Francesco "Ciccio" Caputo (born 6 August 1987) is an Italian professional footballer who plays as a striker for Empoli, on loan from Sampdoria. He represents the Italy national team.

Club career
Caputo started his career in the Pugliesi amateur divisions, first with Toritto and then with Real Altamura, before joining Bari in the summer of 2008. With the club, Caputo won the Serie B title during the 2008–09 season, but he was excluded from Bari's Serie A plans the following season. In mid-2009, he was loaned to Salernitana, along with his teammates Giuseppe Statella and Gianluca Galasso. The following season he was loaned out to Siena.

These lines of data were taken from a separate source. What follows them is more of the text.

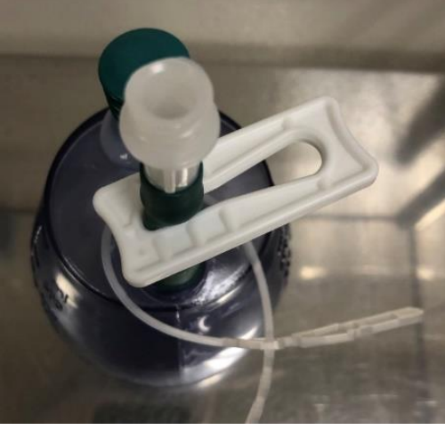
தவறு: வடிகால் அடைக்கப்பட்டுள்ளது
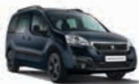
Синий металлик BLEU BOURRASQUE T4M0
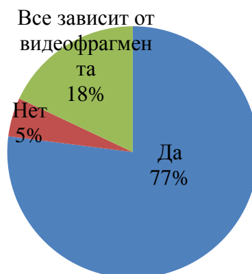
Рисунок 2 – результаты анкетирования обучающихся 8-х классов по вопросы №2

На первый вопрос положительно ответило примерно треть обучающихся – предпочитают сериалы с оригинальным переводом, хотя многие заявили об использовании субтитров. На вопрос об использовании видеофрагментов на уроках английского языка большинство ответило также положительно -
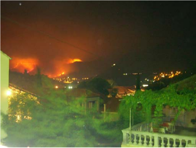
Waldbrand bei Cavtat

Schon beim Start haben wir bis zu 20kt Crosswind und sind froh über unser gutmütiges Bugfahrwerk. Die Route führt uns zunächst zurück über Polace und Korcula und dann weiter entlang der Adria Route 4 über Sinj bis Knin, und weiter direkt nach Otocac.
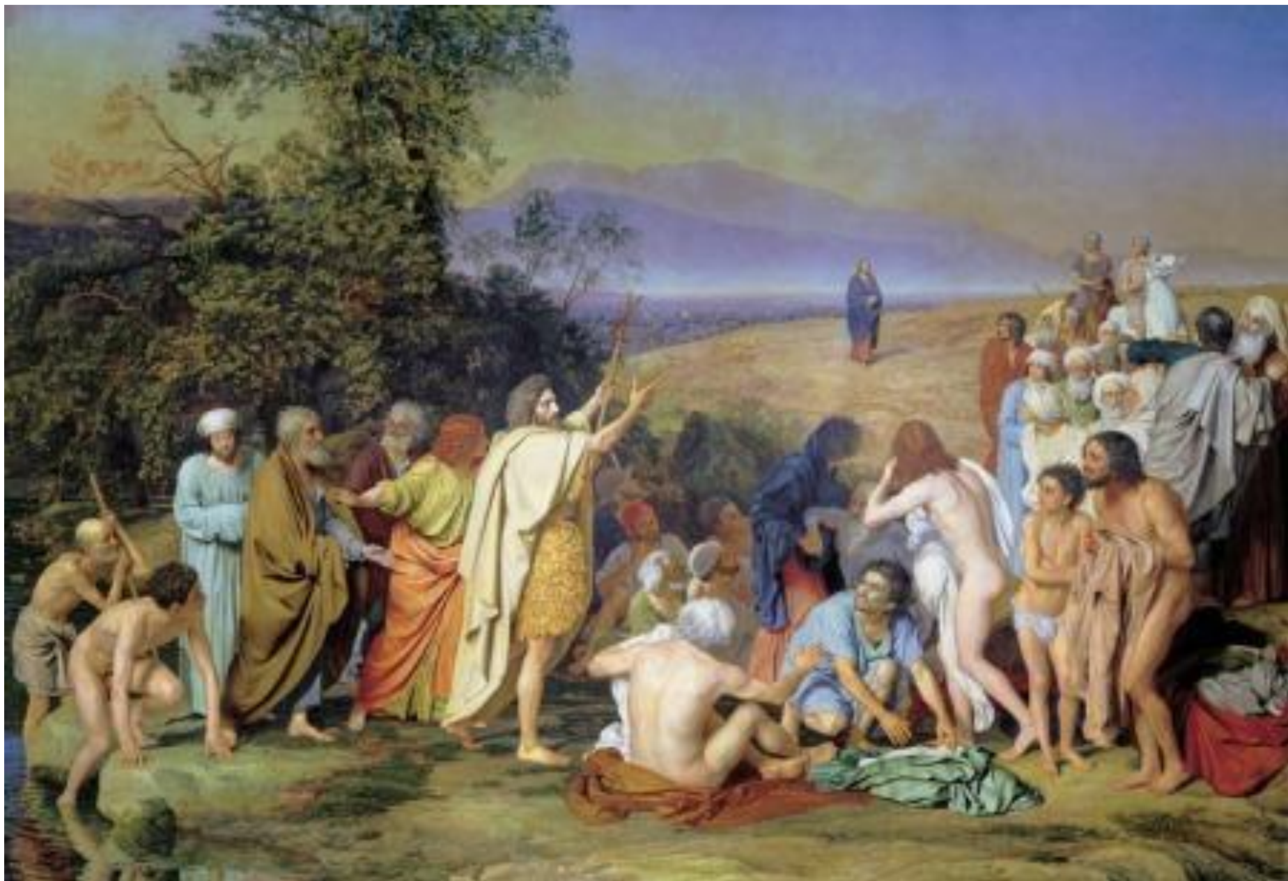
Явление Христа народу. Иванов А. А.
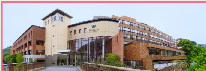
施設全景(ホテル 大小宴会場 休憩室 売店 レストラン)
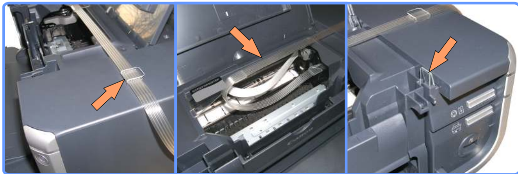
Прокладка шлейфа iP4300
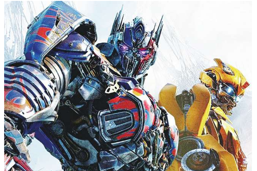
▲《變形金剛：萬獸崛起》將引領觀眾踏上 90 年代的全球冒險之旅，並新加入強大金剛、掠奪金剛和恐懼金剛，參與博派變形金剛和狂派變形金剛在地球上的戰爭。(網路截圖)

倒是馬來西亞文藝小品《富都青年》在金馬獎的加持之下成為大黑馬，在去年底以 9,327 萬新臺幣暫居第 24 名，目前仍在上映中，近日在宣傳上賣力衝刺，作《富都青年》演唱特別場破億倒數！
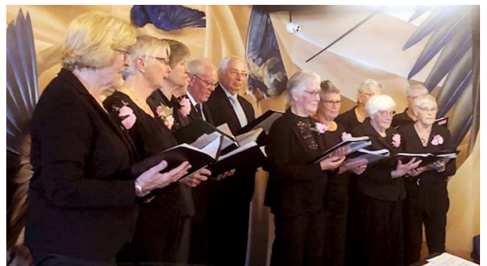
Seniorenkoor Zanglust op de Korendag

Op woensdag 12 oktober verzorgden vijf seniorenkoren uit de regio een prachtige muzikale voorstelling in hotel/brasserie De Beerze te Middelbeers. De organisatie was in handen van het plaatselijke seniorenkoor Zang Doet Leven. De dag werd financieel ondersteund door LOVOK, de landelijke organisatie van ouderenkoren. De Korendag was perfect georganiseerd door Zang Doet Leven. De deelnemers bewezen overtuigend dat muziek mensen verbindt en ouderen echt samenbrengt. Niet het presteren maar vooral het plezier beleven in zingen met elkaar en de ontmoeting met koorleden van andere verenigingen, bleken een schot in de roos. Er werd dan ook prachtig gezongen door De Naklank uit Oirschot, Zang en Vriendschap uit Hilvarenbeek, Levenslust uit Hapert, Zang Doet
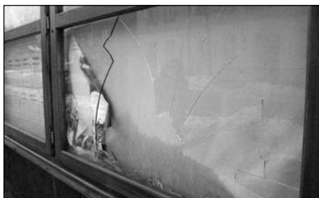
Nová vývěska po dvou týdnech...
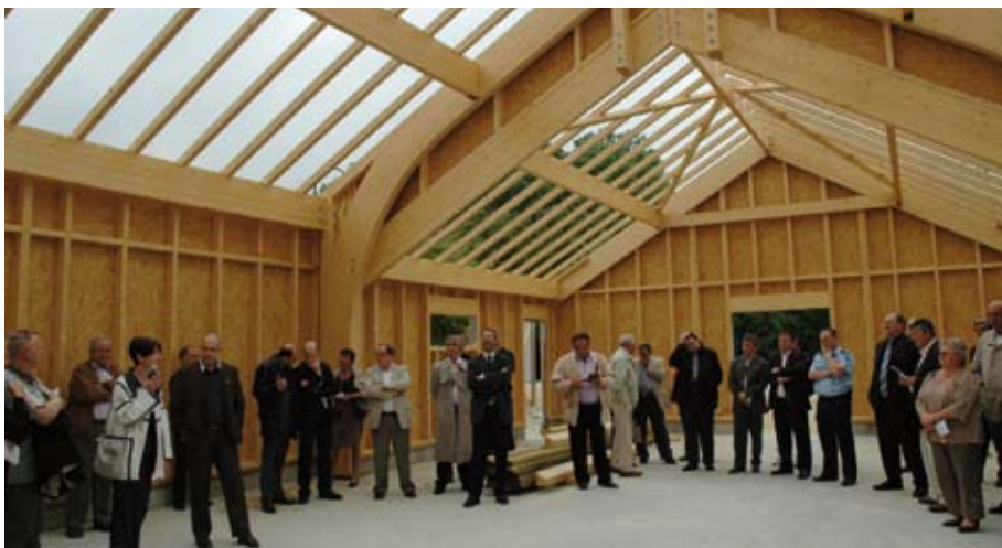
Le chantier de la salle polyvalente de Nantouillet

10h Visite du gymnase de Juilly qui, lui aussi, a déjà pris forme. La structure, la charpente, la couverture ainsi que la tribune extérieure ont pris place et "l'aménagement intérieur va bientôt commencer", précise l'architecte, M. Carrère. Et d'ajouter que cet équipement "éco-citoyen" d'une surface de 840 m 2 pourra accueillir "tous les sports et même le hand ball". Dix-huit mois de travaux est un délai court pour un bâtiment de cette taille. Il devrait ouvrir ses portes au public en juin 2011.

He returned to Bari in 2011, and remained at the club for four seasons.

In 2015, he joined Entella on loan with an option to buy; at the end of the season, he was signed outright by the club. He remained with Entella for two seasons, scoring 35 goals.

On 18 August 2017, Empoli signed Caputo on a four-year contract for €2.8 million plus bonuses. He helped Empoli win the Serie B title and achieve promotion to Serie A during the 2017–18 season, forming a prolific attacking partnership with Alfredo Donnarumma; together, the pair scored 49 goals, and Caputo finished as the top scorer in the league, with 26 goals, while Donnarumma finished as the second-highest scorer with 23.

On 13 July 2019, Caputo signed to Sassuolo.

On 31 August 2021, Caputo joined Sampdoria on loan with an obligation to buy.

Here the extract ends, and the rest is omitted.